Inside, a woman’s voice: “Whoever you are, you have a death wish.”
“Martina?” Rayne said.
“It ain’t even five in the morning.”
“Martina? It’s me, Rayne.”
Momentary silence.
The door creaked open. The chain lock rattled.
“Rayne? Wait.” She undid the chain, opened the door. A young woman with brown eyes, high cheek bones, and a layered pixie haircut appeared. She wore a long, wine-red robe. “Girl, what’s goin’…?”
Rayne pulled Tim inside, and said, “Martina? You remember Tim. We’ve got an emergency and I don’t have time to explain.”
Martina leaned back on one bare foot, stared up at the cup over Tim’s eye. “Emergency, you say. Rayne, honey, I’ve seen you in action. You the shit, the bomb, the….” Her eyes drifted down to the folded blankets. “Should I be…oh, I don’t know…”
“We need to cut through your apartment and out your back door, and head down the back stairs.

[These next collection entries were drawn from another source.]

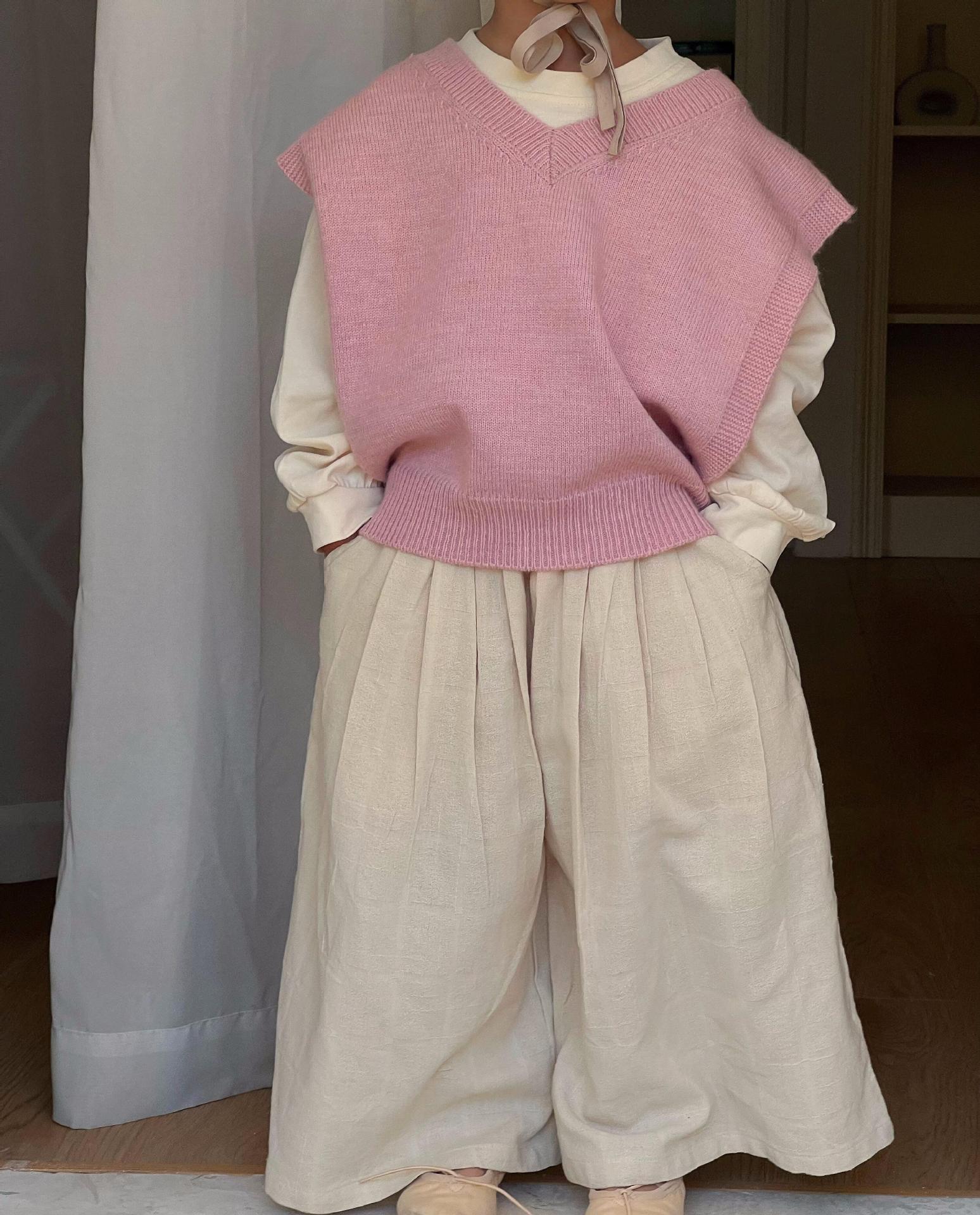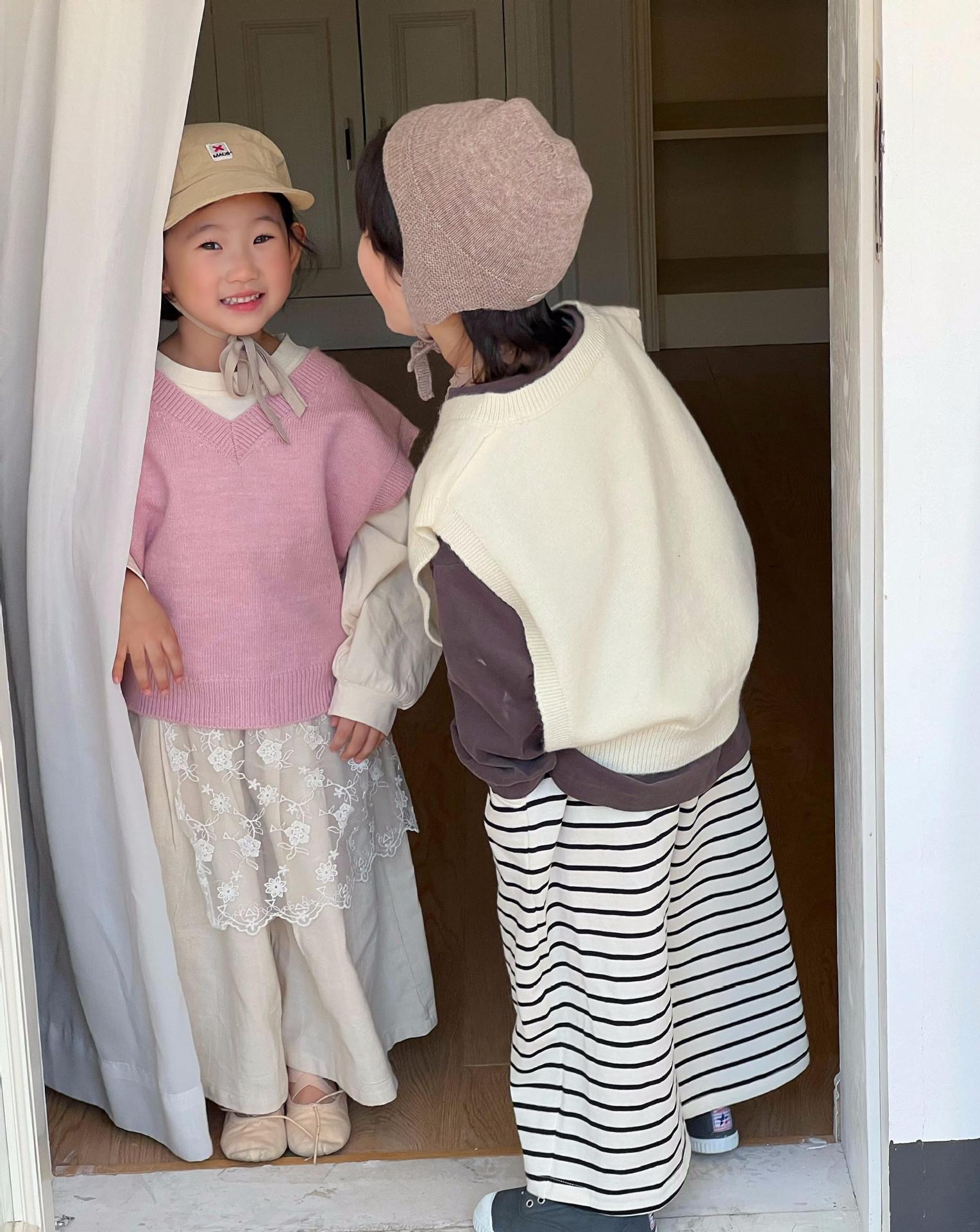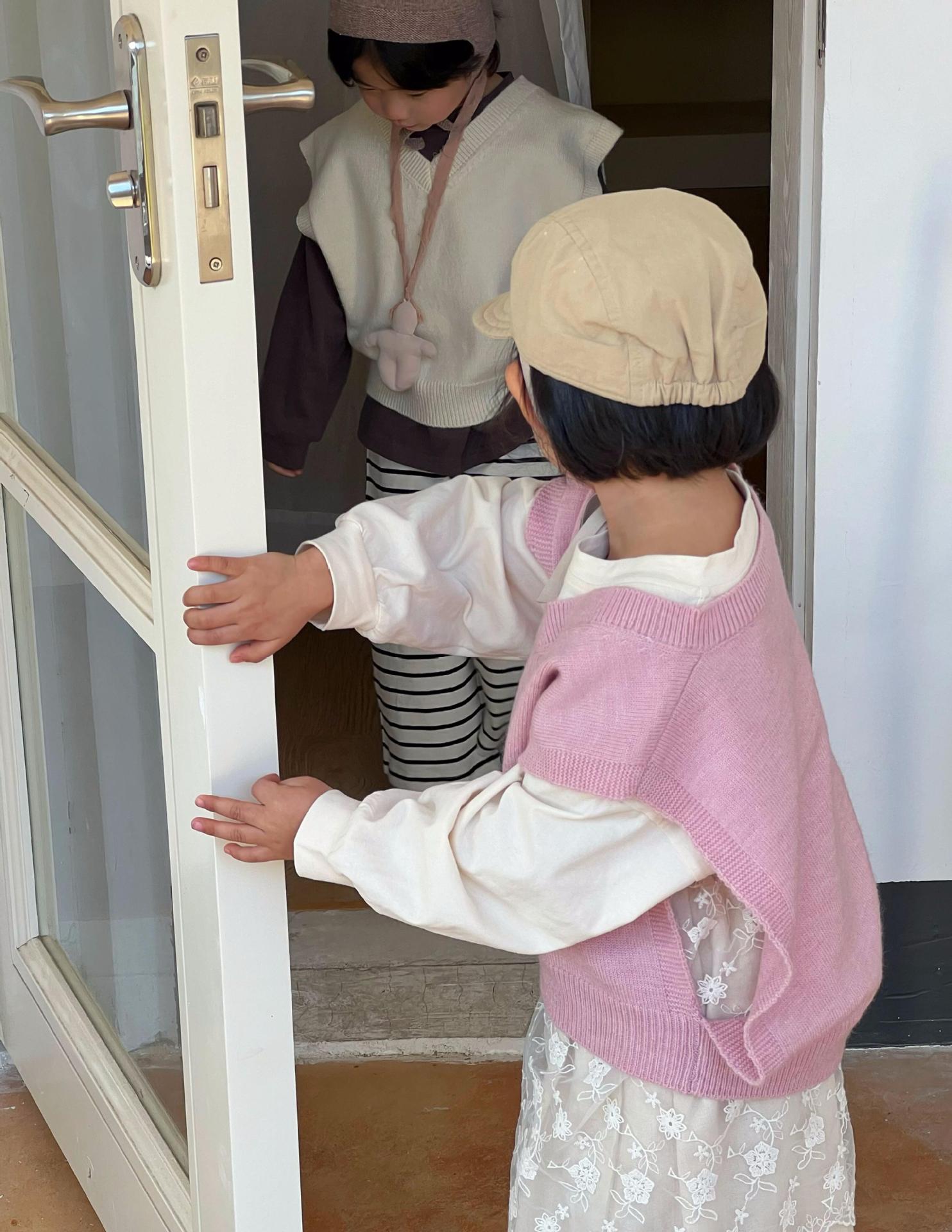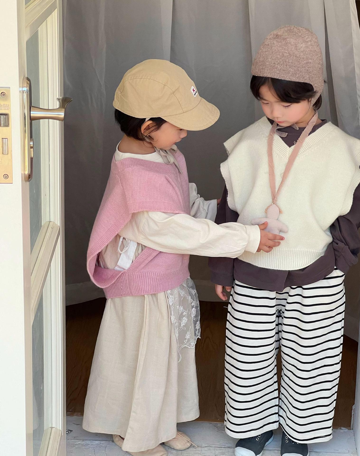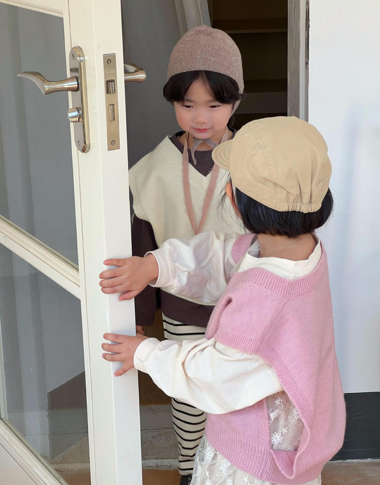 탑 에그 한국 아동복 2024 봄 새 소년 · 소녀 어린이 조끼 민소매 풀오버 양모 조끼 코트스토어 가기
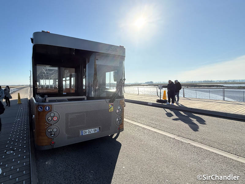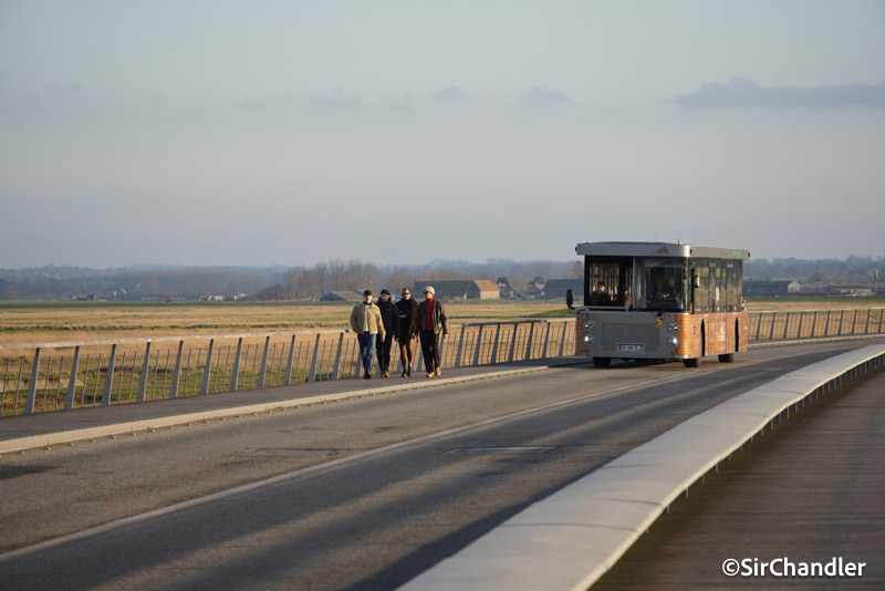 A unos 200 metros, calculo, te deja ese bus. Es gratuito y te levanta desde el estacionamiento de auto o desde donde te podrían dejar buses de largo recorrido. También desde los hoteles que están dentro de la zona dedicada, que es a un par de kilómetros. Nosotros nos quedamos una noche en el Mercure Mont Saint Michel.
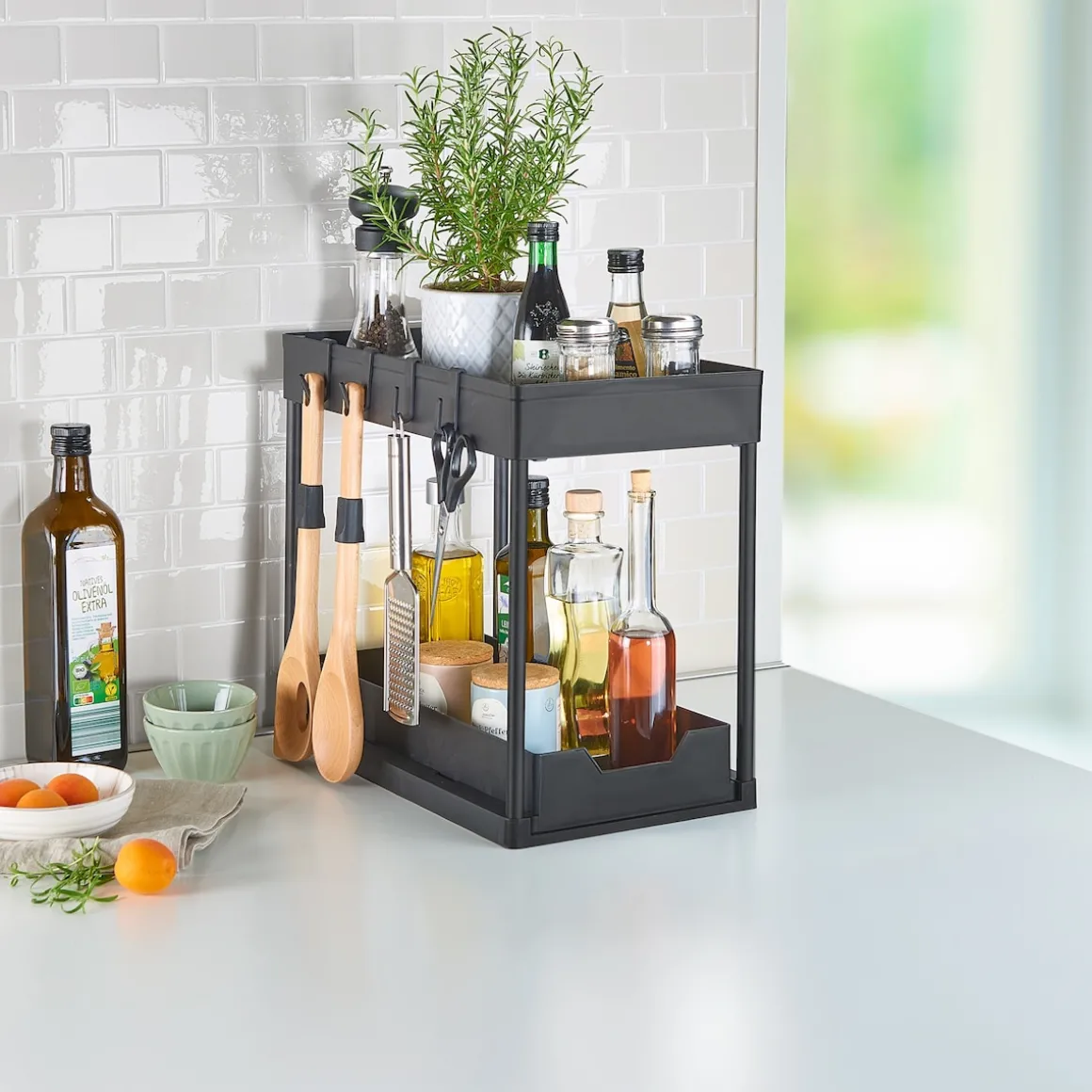 - alles griffbereit dank ausziehbarem Fach
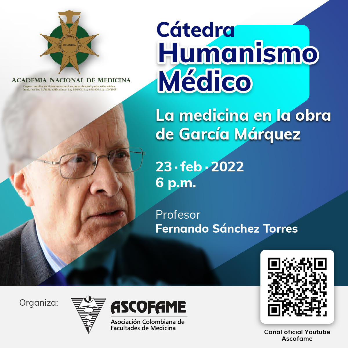 Lo invitamos a conectarse hoy miércoles 23 de febrero a partir de las 6 p.m a la Cátedra sobre Humanismo Médico ofrecida por la Academia Nacional de Medicina, con el apoyo de Ascofame. En esta oportunidad nos acompañará el Profesor Fernando Sanchéz torres, con su catedra: la medicina en la obra de García Máquez.

Sorry about the hour.”
“Don’t worry.” A hint of a smile appeared. “Whatever your story, it’s gotta be good.”
“It’s out of this world,” Tim said.
Rayne let that remark go. She said to Martina, “I’ll tell you later.”
“Police?”
“No law, nothing like that.”
“Good. I won’t be charged with accessory to boyfriend brutality, right?”
Rayne kissed her. “See you soon. Thanks, M.”
“You do know there’s nothing down there.”